> _Work instruction_
From the line containing "Badkamer voorzien van" through the last line of the material, copy every line exactly, both ends inclusive; do not copy pictures.

> _Given entries_
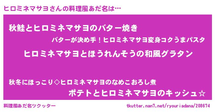 | ヘコむあだ名 | 『ヒロミネマサヨ(苦笑)』『ヒロを』 |
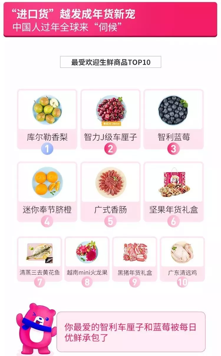 從整體生鮮品類(lèi)來(lái)看,水果、肉類(lèi)和乳品占據(jù)品類(lèi)TOP榜前三位置。隨著國(guó)人飲食日益健康化,水果的受歡迎程度持續(xù)走高,占比約為25.7%。值得注意的是,在最受歡迎的十大生鮮年貨商品排行中,庫(kù)爾勒香梨、廣式香腸、黑豬年貨禮盒、智利車(chē)?yán)遄印⒅抢{(lán)莓、越南mini火龍果排名靠前,成為國(guó)人年貨新寵。
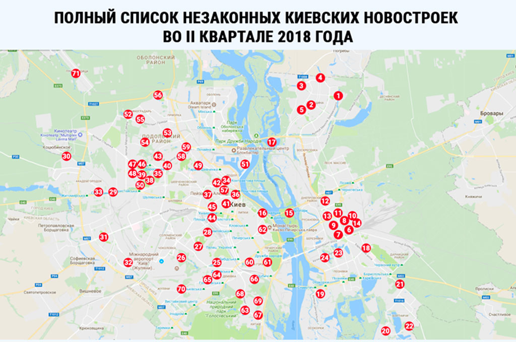 В январе 2018 года в столице было зафиксировано 67 незаконных жилых новостроек . За шесть месяцев их количество возросло, и по состоянию на 2 июля 2018 года в Киеве насчитывается 71 незаконная стройка.
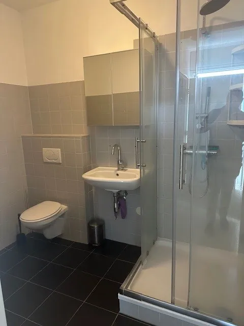 Badkamer voorzien van douchecabine, zwevend toilet, wastafel en designradiator.
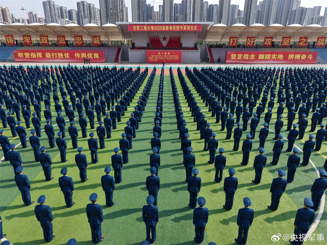 近日,空军工程大学中心校区大操场上,2025级新学员授予军衔仪式庄严举行。经过两个多月的淬火磨砺,顺利完成新训任务的学员们佩戴上了象征责任与荣光的“一道杠”肩章,正式开启军旅生涯新阶段。为新战友点赞加油!

> _Answer_
 Badkamer voorzien van douchecabine, zwevend toilet, wastafel en designradiator.
 近日,空军工程大学中心校区大操场上,2025级新学员授予军衔仪式庄严举行。经过两个多月的淬火磨砺,顺利完成新训任务的学员们佩戴上了象征责任与荣光的“一道杠”肩章,正式开启军旅生涯新阶段。为新战友点赞加油!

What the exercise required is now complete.